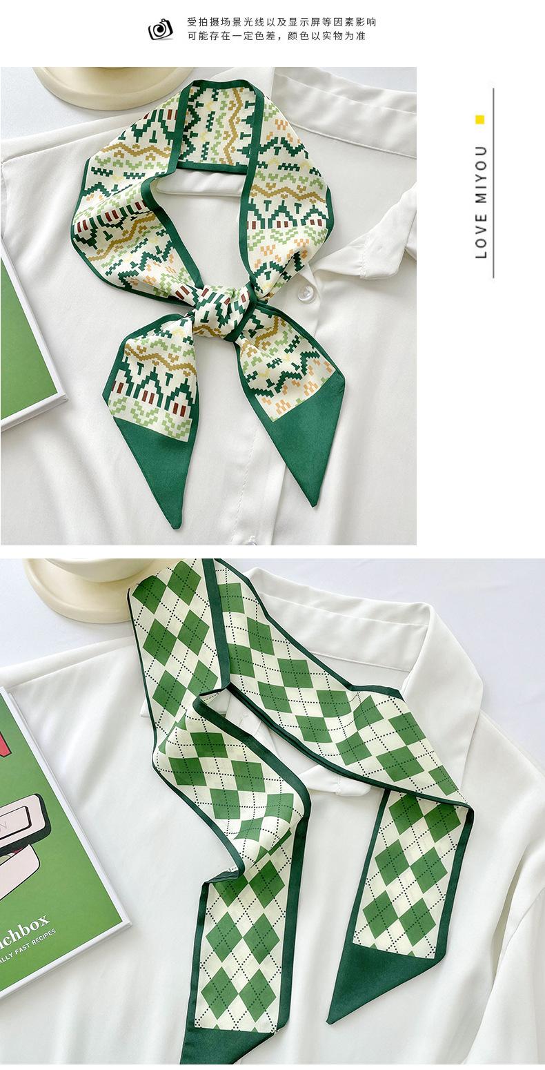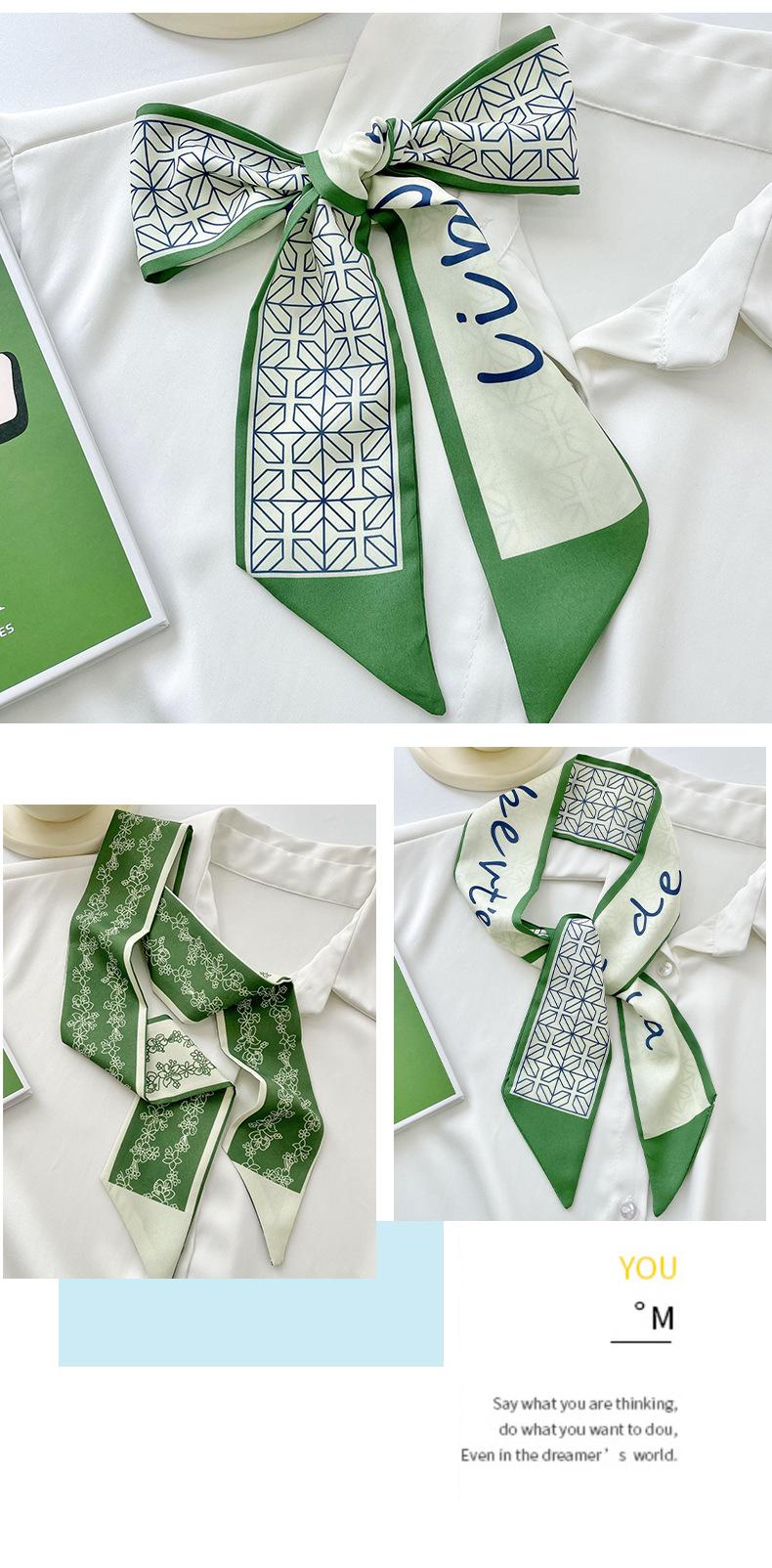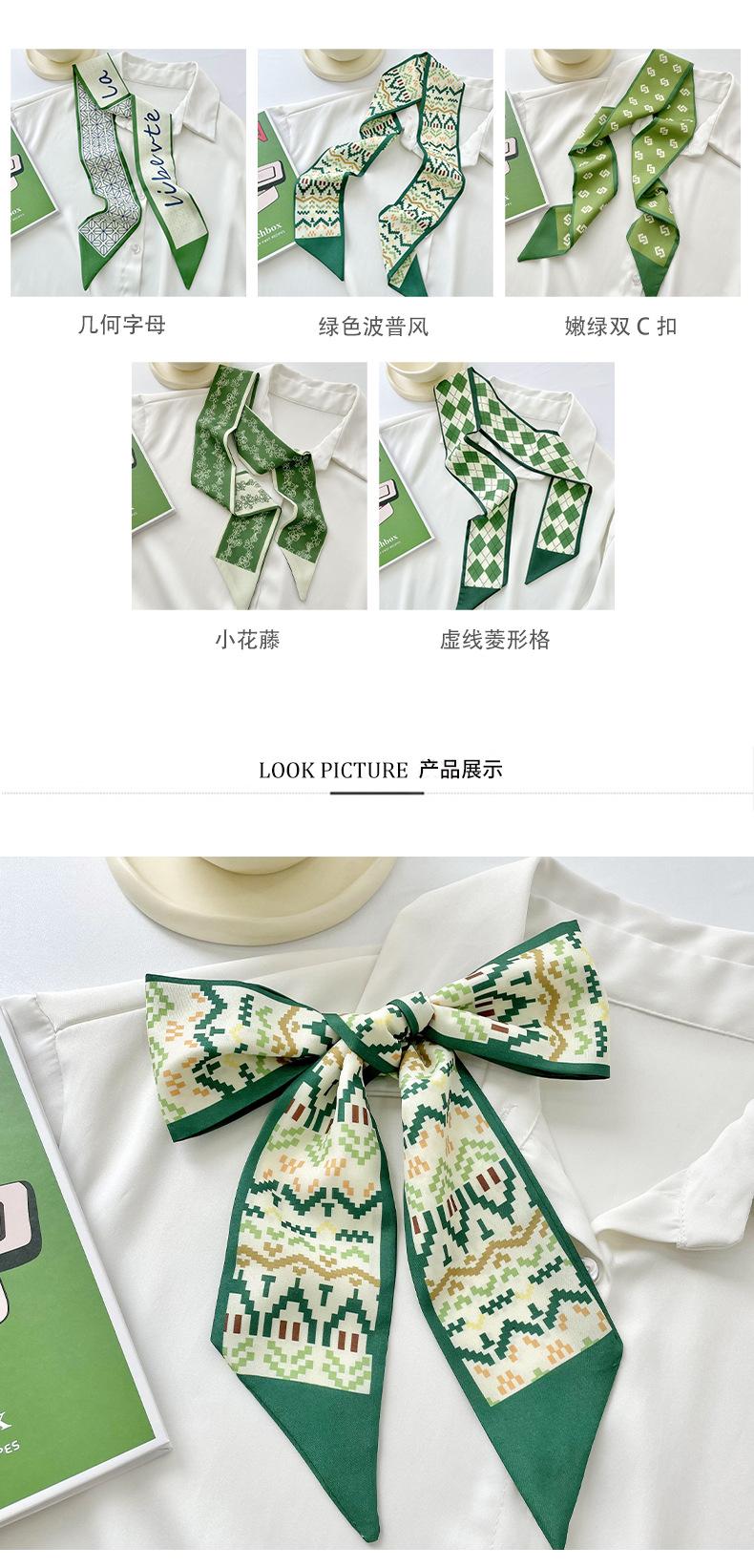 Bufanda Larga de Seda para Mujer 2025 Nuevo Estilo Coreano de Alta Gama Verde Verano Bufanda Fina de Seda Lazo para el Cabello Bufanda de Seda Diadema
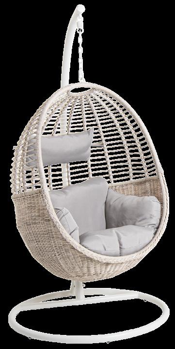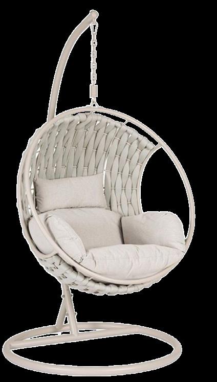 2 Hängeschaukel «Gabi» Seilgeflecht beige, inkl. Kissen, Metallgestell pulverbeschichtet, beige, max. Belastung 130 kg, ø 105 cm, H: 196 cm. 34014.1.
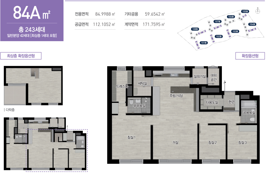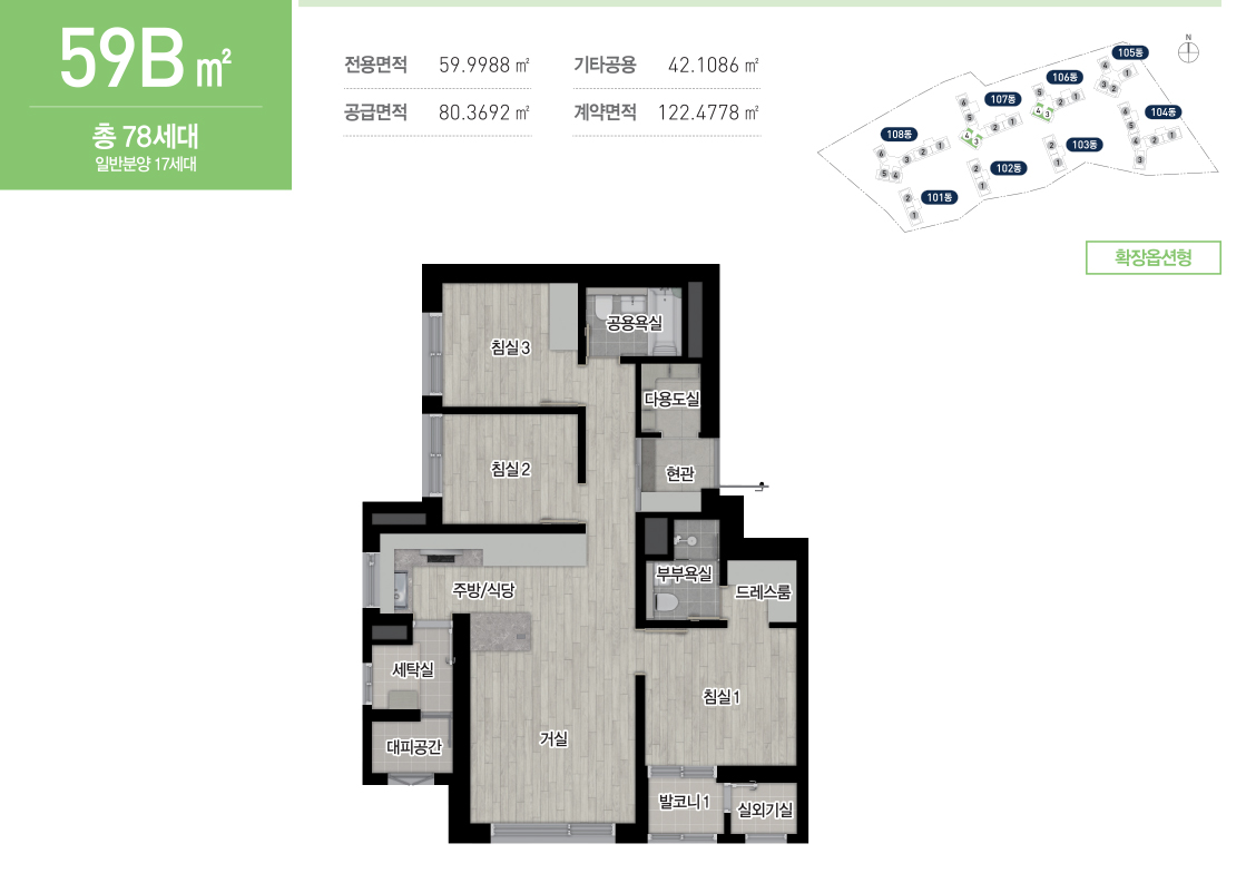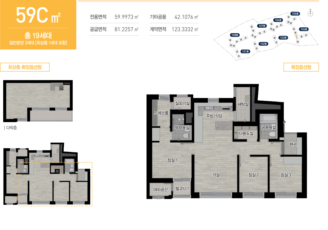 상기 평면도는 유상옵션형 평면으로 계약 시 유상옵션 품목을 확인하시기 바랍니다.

* _Exercise objective_
The answer is every line of the data, exactly as written, with the pictures dropped.

* _Task solution_
 Bufanda Larga de Seda para Mujer 2025 Nuevo Estilo Coreano de Alta Gama Verde Verano Bufanda Fina de Seda Lazo para el Cabello Bufanda de Seda Diadema
 2 Hängeschaukel «Gabi» Seilgeflecht beige, inkl. Kissen, Metallgestell pulverbeschichtet, beige, max. Belastung 130 kg, ø 105 cm, H: 196 cm. 34014.1.
 상기 평면도는 유상옵션형 평면으로 계약 시 유상옵션 품목을 확인하시기 바랍니다.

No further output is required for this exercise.